Sorry for the long post.


----------



## grinder37 (Mar 1, 2013)

To protect and provide for my wife and two boys,what else?I'm nobody without them,even though I have my days that I need to let them know that.


----------



## inceptor (Nov 19, 2012)

Yeah, I can't imagine life without my wife. Her family is pretty cool too so it's my responsibility to care for them all. They don't think like me but they are aware of what I am doing. They also know to beat feet over here if it gets ugly.


----------



## Desert Marine (Nov 20, 2012)

So I can die and go to heaven!


----------



## Blackcat (Nov 12, 2012)

Moonshinedave said:


> I guess my goals aren't near as noble. I figure I was put onto this earth, and I'll struggle to stay here and on this side of the daisies as long as I possible can. If that just dealing with modern life, or if the SHTF, I'll plug along till the good Lord takes me. If someone decides to hurry my exit, I plan on making it very costly on whomever.


This pretty much sums it up for me as well.


----------



## PaulS (Mar 11, 2013)

What do you expect after the crisis is over? Do you think that the country will just naturally turn back to the type of government that you enjoy or is it not an interest that you have?

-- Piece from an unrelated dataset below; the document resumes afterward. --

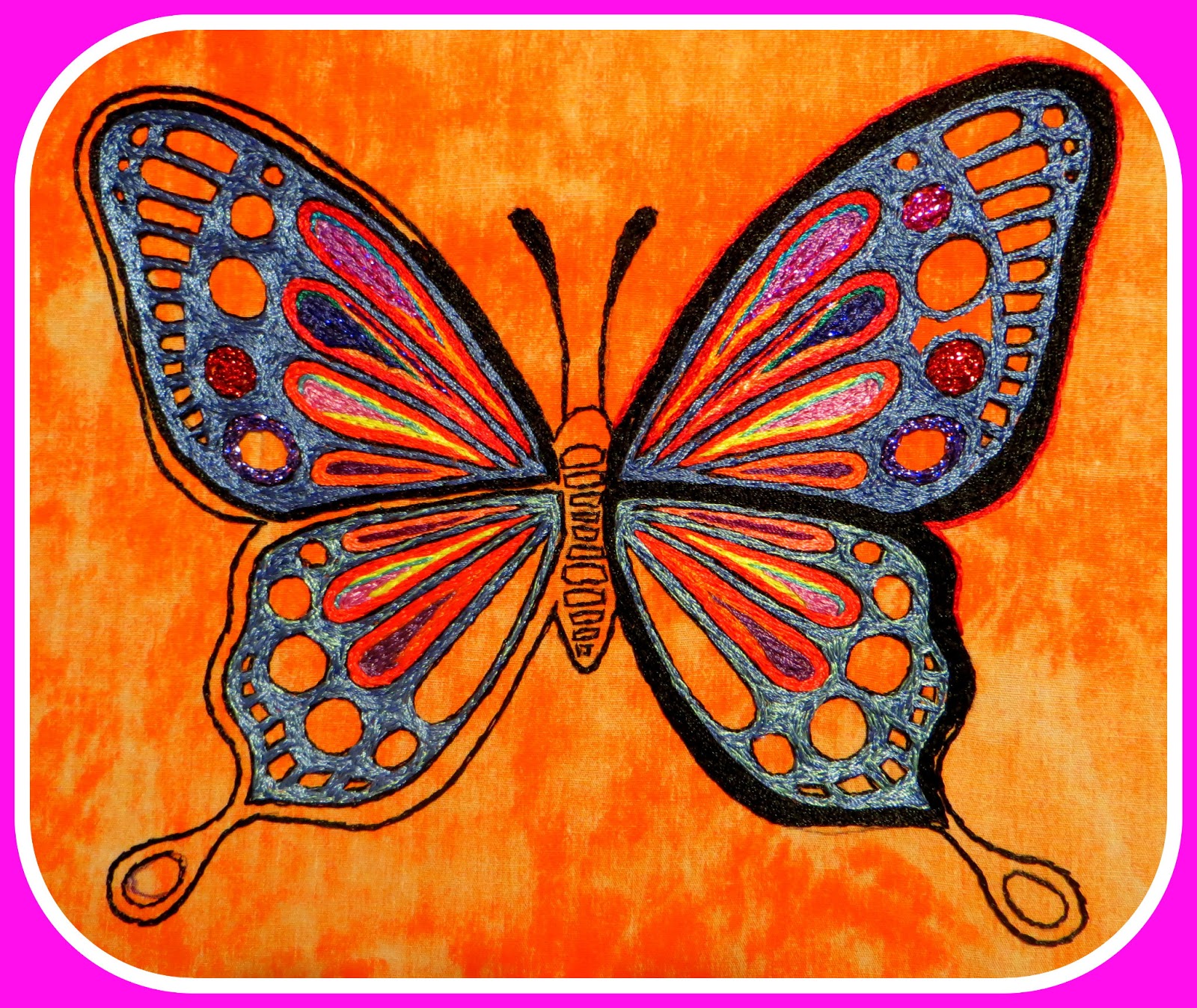 I painted the very edges of the wings with black acrylic. I then mounted the embroidery onto a slice of leather . Then I carefully cut the wings out . I then added my jewel , which is a clear , flatish , glass blob.with angelina film underneath . I made a double thick leather circle , and attached the wings . I also sprinkled some jet black glitter around the jewel . I find that diamond glaze works for me when it comes to glueing it all in place .It is around 13 inches in length .

My feeling is that after the crisis we will have to rebuild the republic to get rid of the abuses of government and return to a free society.


----------



## 8675309 (Feb 17, 2013)

PaulS said:


> What do you expect after the crisis is over? Do you think that the country will just naturally turn back to the type of government that you enjoy or is it not an interest that you have?
> 
> My feeling is that after the crisis we will have to rebuild the republic to get rid of the abuses of government and return to a free society.


I hope that is what happens. But the way society is today, you just don't know how will have power.


----------